Posted to dev@nutch.apache.org by Massimo Miccoli <mm...@iltrovatore.it> on 2005/06/28 17:20:51 UTC
Re: [Nutch-dev] Copy DB by the piece
Dear Nutch dev,
I want to know if the Boost calulated for Pages from inlink count at
indexing and fetching time is used on the search.
Using DistributedSearch seams that Pgae Boost is not used to calculate
the ranks for pages. What I see in my result pages
is most pages with low page Boost is on top and some with high Boost below.
For example by explain.jsp:
1) boost = 5.3968873 score for query= 50.692223
2 ) boost = 5.586193 score for query= 46.90389
3) boost = 6.0371985 score for query= 43.306103
4) boost = 7.388178 score for query= 37.984783
....
So only the score for query is considered for sort (rank) the hits
results? For an hits I think that ranks must be boost*score for query or
I'm wrong?
Thanks,
Massimo
RE: [Nutch-dev] Copy DB by the piece
Posted by Chirag Chaman <de...@filangy.com>.
Boost are multiplied into the "match score" (aka. The Idf-tf)
Thus, pages are not soted by boosts, but by the final score.
Here's a example:
You have 3 pages:
- news.google.com
- www.blogspot.com/googguy (blog talking about google)
- www.yahoo.com/google-launches-ship-into-space.html
Let's say the boosts factors are 1,2 and 3 respectively.
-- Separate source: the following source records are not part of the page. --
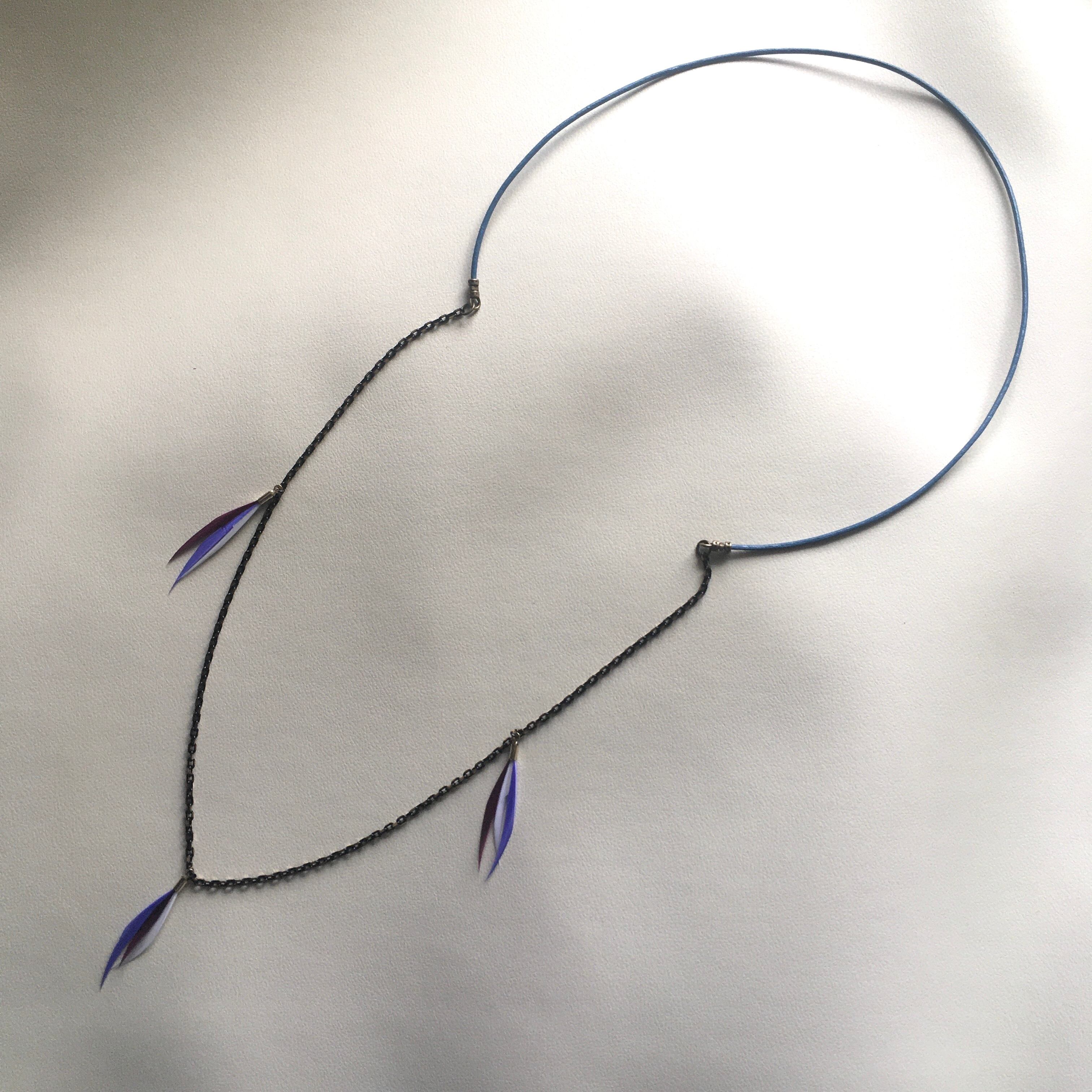 国産皮革とチェーン、フェザーの尾羽をデザインカットし組み合わせた一品
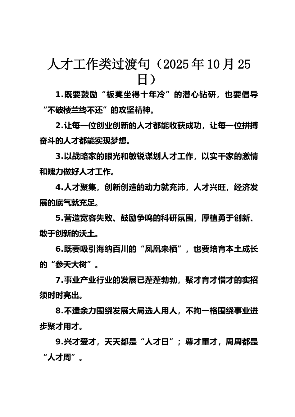 人才工作類(lèi)過(guò)渡句(2025年10月25日)
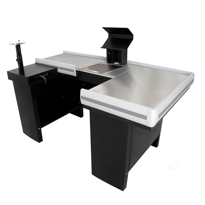 Checkout Leve BCL.15 C/ Recorte P/ Balança - 1,50 m Ajustável Direita/Esquerda Formato L Perfil Pret
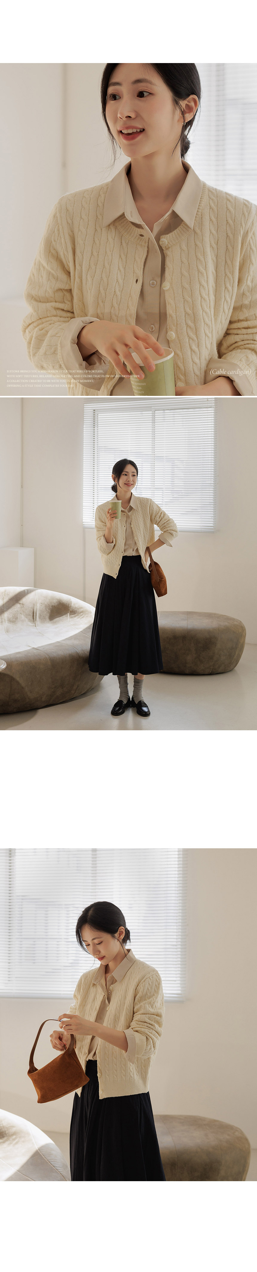 This cardigan is perfect for everyday wear. The soft cable-knit texture adds subtle dimension, while the classic fabric enhances its timeless appeal. Crafted from a lightweight wool blend ideal for spring, it’s an easy piece to wear right now.

Now, you do a search for "google".
Let's take the raw scores to be 50,20,15 for the 3 url.
After boosts are applied:
News.google.com - 50 * 1 = 50
www.blogspot.com - 20 * 2 = 40
www.yahoo.com - 15 * 3 = 45
Thus, you'll get ranking as
News.google.com
www.yahoo.com...
www.blogspot.com...
HTH!
-----Original Message-----
From: Massimo Miccoli [mailto:mmiccoli@iltrovatore.it]
Sent: Tuesday, June 28, 2005 12:51 PM
To: dev@nutch.org
Subject: Re: [Nutch-dev] Copy DB by the piece
Chirag,
So the boost on top of explain.jsp is for sorting results, the final value
for rank? If so the Hits on results pages is not ordered by boost.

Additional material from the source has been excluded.